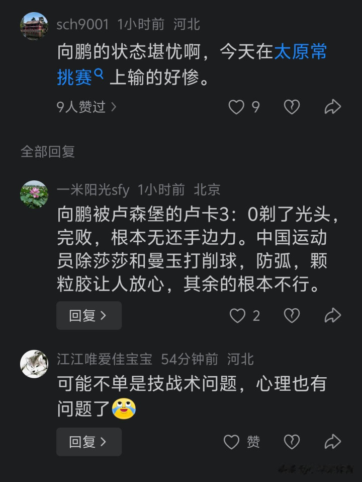 因为这场比赛向鹏的气象十分堪忧,而且输的罕见惨,被敌手3-0剃秃子了,这场比赛基本上被打的毫无还手之力,球迷们以为这不只单是技计策的问题,还有包括豪情方面的问题。
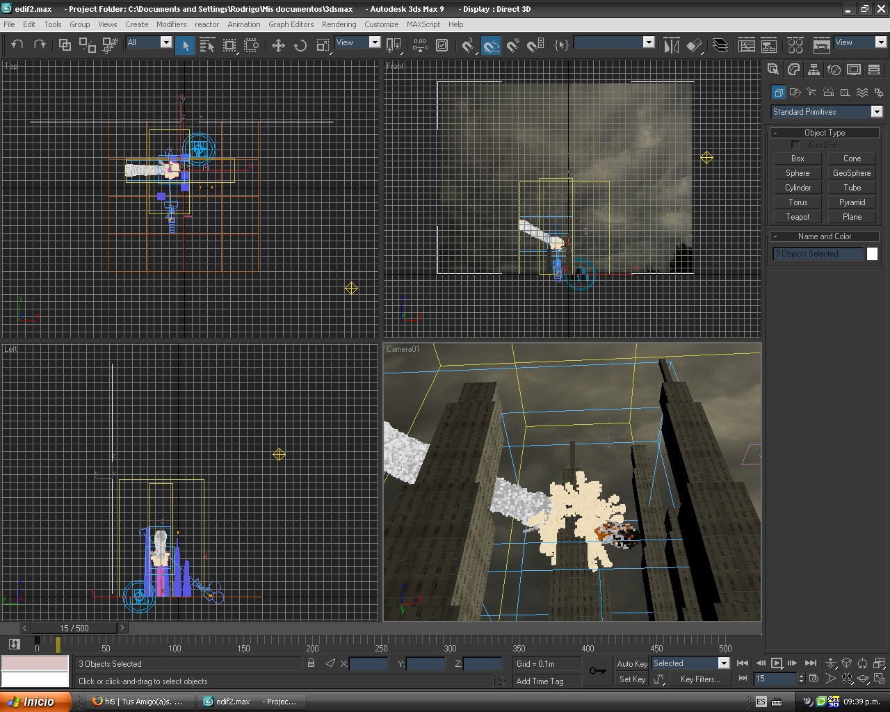 Que tal amigos del foro. Este es mi primer mensaje (espero les guste) y pues soy principiante en esto del 3d lo que publicaré está abierto a críticas constructivas claro esta para mi aprendizaje. Pues démosle matarile a la gallina de una vez y continuemos. Les adjunto wires de este trabajo el cual realicé con partículas Particle Flow y Fume FX, a las partículas les he añadido el efecto Fume FX para crear el humo de la explosión del choque los edificios son una simple caja con Mesh edit, y un mapa que encontré por ahí en la red + un Vray displacement map.
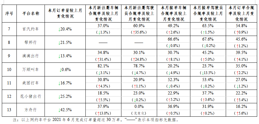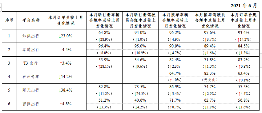 具体而言,6月订单合规率增长排名前3名,分别是如祺出行、方舟行、花小猪出行(按从高到低排序);下降最多的分别是曹操出行、享道出行、美团打车(按从高到低排序)。
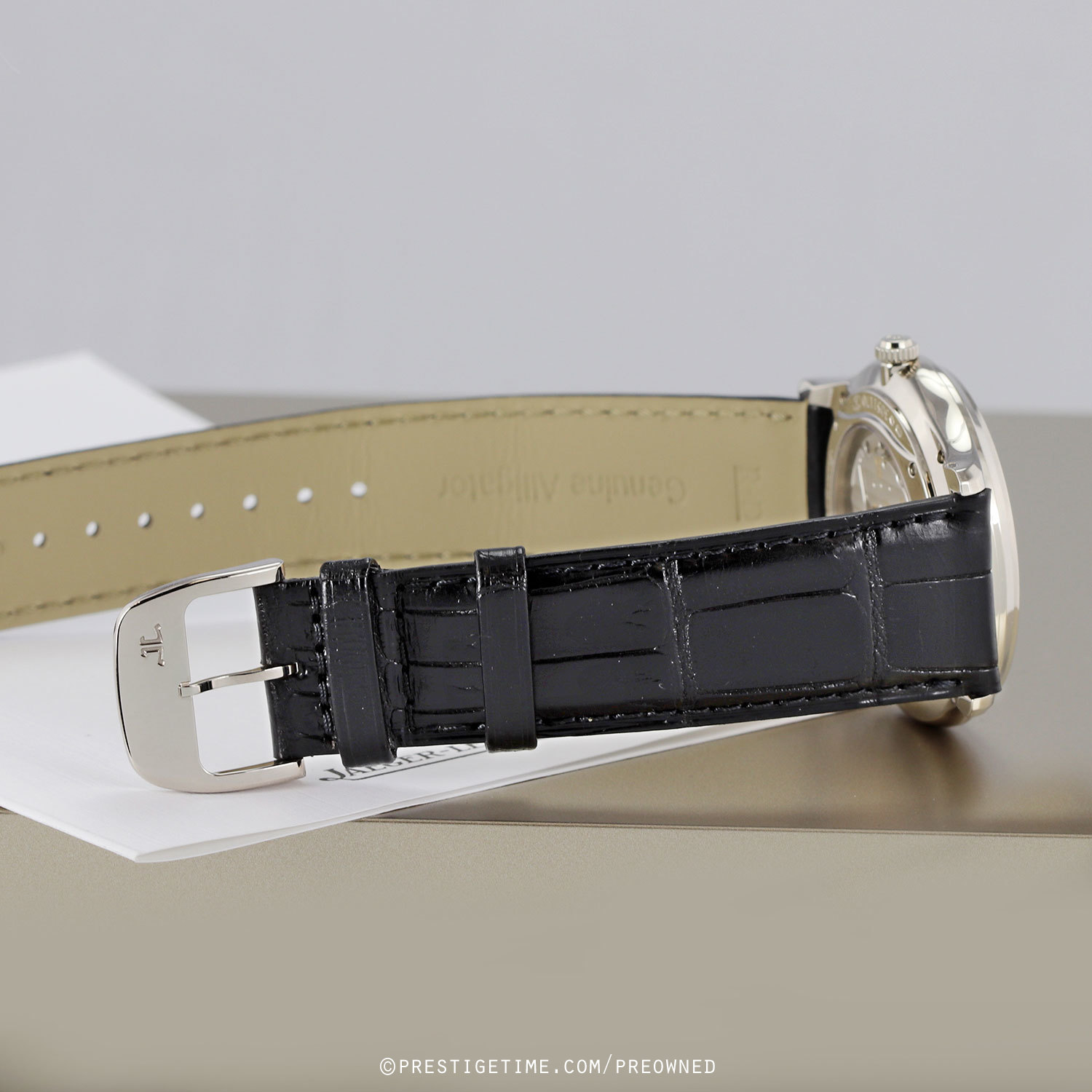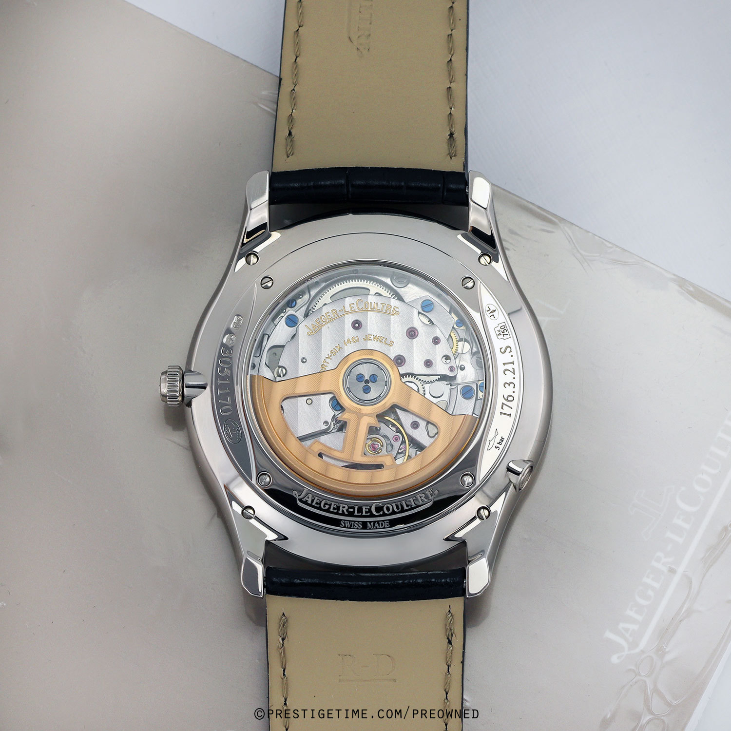 Movement: Powered by a JLC in-house caliber 868 which beats at 28,800 vph, contains 46 jewels & has an approximate power reserve of 43 hours. 1000 Hour Master Control test.
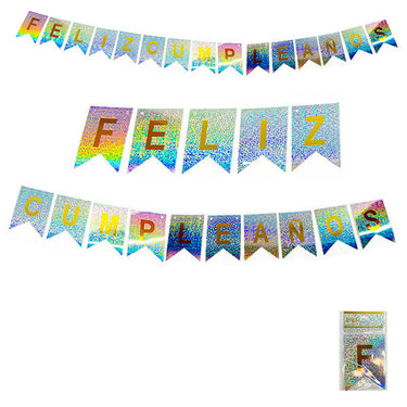 Guirnalda Feliz Cumpleaños holográfica color plateada.

-------

= ACTIVITY =
Write out only the lines from the one that contains "具体而言,6月订单合规率增长" through the last line of the records above, both included, word for word and without the pictures.

= SOLUTION FOR THIS PROBLEM =
 具体而言,6月订单合规率增长排名前3名,分别是如祺出行、方舟行、花小猪出行(按从高到低排序);下降最多的分别是曹操出行、享道出行、美团打车(按从高到低排序)。
 Movement: Powered by a JLC in-house caliber 868 which beats at 28,800 vph, contains 46 jewels & has an approximate power reserve of 43 hours. 1000 Hour Master Control test.
 Guirnalda Feliz Cumpleaños holográfica color plateada.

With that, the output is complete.